Valeriana, incastonata in un'area più ampia delle Lowlands, sembra essere stata densamente abitata. Il sito contiene oltre 400 strutture per chilometro quadrato, che supera la densità riscontrata nella maggior parte delle regioni Maya circostanti ed è seconda solo a Calakmul, una grande città delle Lowlands vicino al confine tra Messico e Guatemala con circa 770 edifici per chilometro quadrato.

David Stuart, un antropologo dell'Università del Texas ad Austin, ha osservato che questa scoperta aiuta a illustrare come i Maya organizzarono le loro città nel paesaggio. La scoperta aggiunge peso all'idea che le Lowlands Maya fossero popolate da importanti centri urbani oltre Calakmul. L’antropologo Stuart ha sottolineato che questa scoperta è in linea con precedenti suggerimenti archeologici di un'elevata densità di popolazione nell'area.

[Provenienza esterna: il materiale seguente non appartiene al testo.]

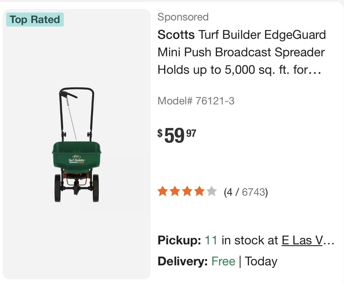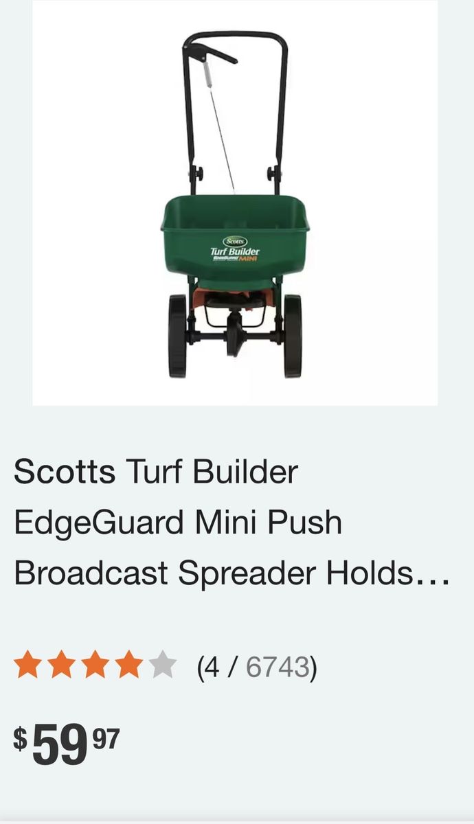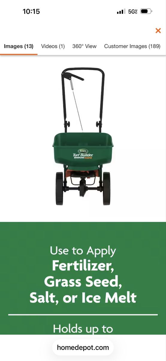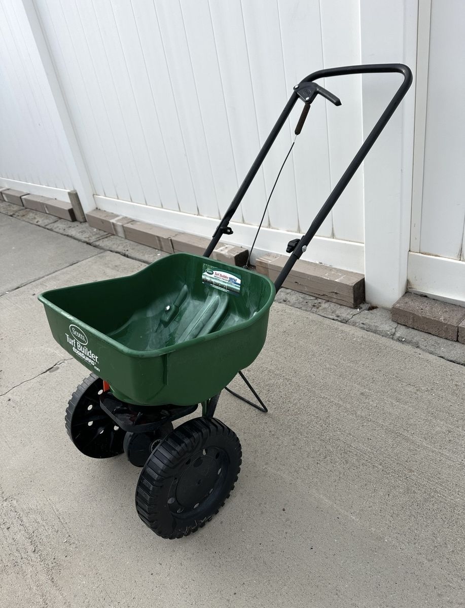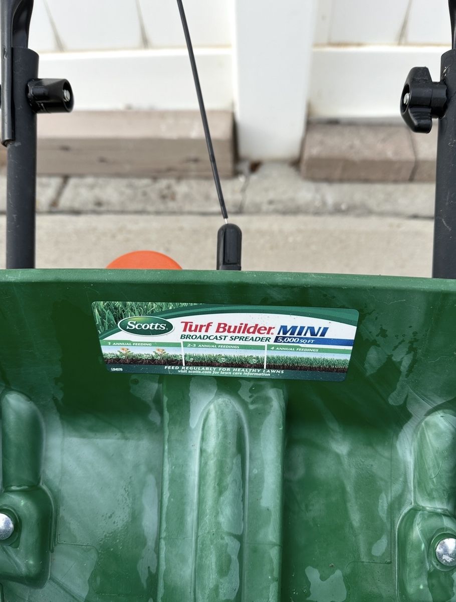 VenmoTurf Builder EdgeGuard Mini Push Broadcast Spreader Holds up to 5,000 sq. ft. for Seed, Fertilizer, Salt, Ice Melt. New around $65? Serious inquiry only!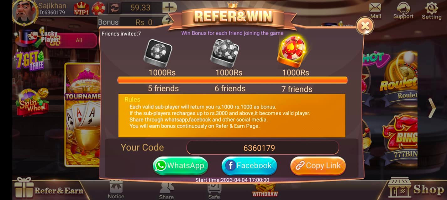 Yalla Rummy includes a VIP Agent Program where you can invite others and earn more. Here’s how it works: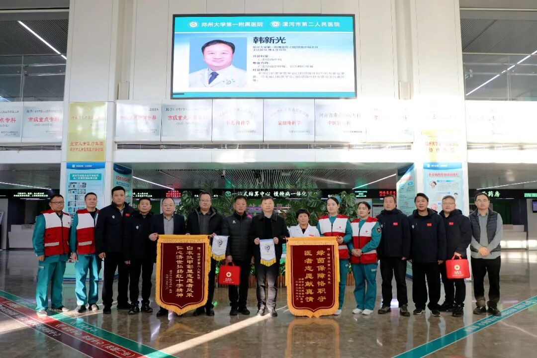 1月7日上午,市紅十字會(huì)黨組成員、副會(huì)長(zhǎng)李世杰,市足球協(xié)會(huì)主席張運(yùn)華、副主席黃旭威,市足球協(xié)會(huì)副主席、漯河水源隊(duì)領(lǐng)隊(duì)駱朝選,市足協(xié)協(xié)會(huì)副主席、漯河水源隊(duì)主教練楚青山等一行,專(zhuān)程把寫(xiě)有“白衣執(zhí)甲彰顯志愿者風(fēng)采,仁心濟(jì)世弘揚(yáng)紅十字精神”“綠蔭保障恪職守,醫(yī)者志愿獻(xiàn)真情”的兩面錦旗送到了市二院,以此感謝醫(yī)院在“河南省黃河足球‘健殘融合’冠軍聯(lián)賽”賽事中提供的專(zhuān)業(yè)醫(yī)療保障。市二院黨委書(shū)記魏松,黨委副書(shū)記、院長(zhǎng)胡海英攜班子成員接受了錦旗。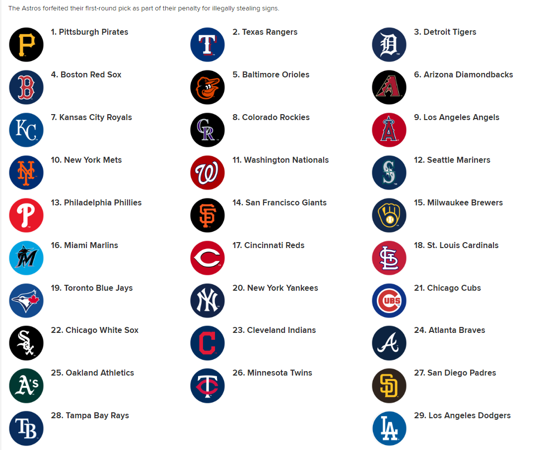 You can see the draft order below courtesy of MLB.com and keep in mind the Astros are still missing their first and second-round picks due to the 2017 sign-stealing penalties.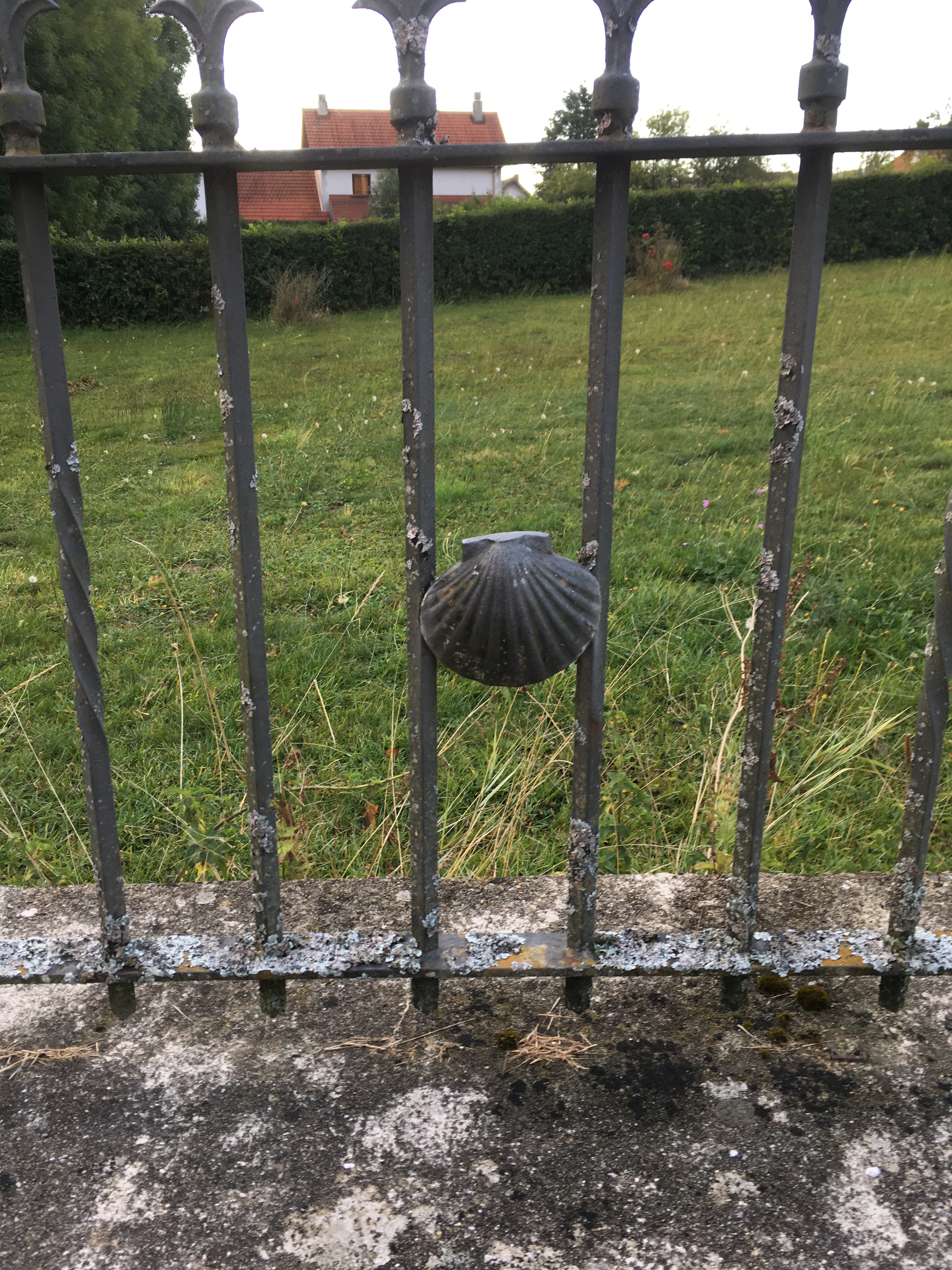 This is one of the markers that guides us as we go along. There are also a series of painted yellow arrows. They give you confidence that you can always find the Camino route.

Thomas Garrison, anche lui dell'Università del Texas, ha sottolineato l'importanza del lidar (il lidar è uno strumento tecnologico che oramai sta segnando un’autentica rivoluzione nel campo della ricerca archeologica e storica. Il segreto sta tutto nelle potenzialità del laser. L’acronimo dall’inglese sta per Light Detection and Ranging o Laser Imaging Detection and Ranging. Tradotto, è il rilevamento e misurazione della distanza tramite la luce. Di fatto è uno strumento di telerilevamento, incapsulato soprattutto nei droni, ma usato anche in aerei o elicotteri, che permette di definire la distanza di un oggetto o di una superficie utilizzando un impulso laser. Ogni secondo migliaia di impulsi laser a infrarossi vengono rimbalzati sul terreno. Oramai il lidar consente quelle che gli studiosi definiscono «le scoperte impossibili». Risorsa strategica in situazioni complesse, visto che consente di filtrare una fitta e densa vegetazione con un sistema ad alta risoluzione per rimuovere virtualmente foreste e piante infestanti, per intercettare le strutture di un sito antico. «La capacità di penetrazione all’interno di boschi e foreste e l’alta risoluzione del lidar da drone sta aprendo nuove incoraggianti prospettive nel campo dell’archeologia e dello studio di paesaggi antichi), nel far progredire la ricerca archeologica. Ha elogiato lo studio come un esempio lampante del valore del lidar, anche quando raccolto per scopi ambientali piuttosto che archeologici. Tale tecnologia consente ai ricercatori di visualizzare parti della civiltà Maya precedentemente nascoste. Tuttavia, Garrison ha sottolineato che sono necessarie ulteriori indagini: visitare e scavare questi siti fornirà una comprensione più completa dell'insediamento e del suo ruolo nella storia Maya.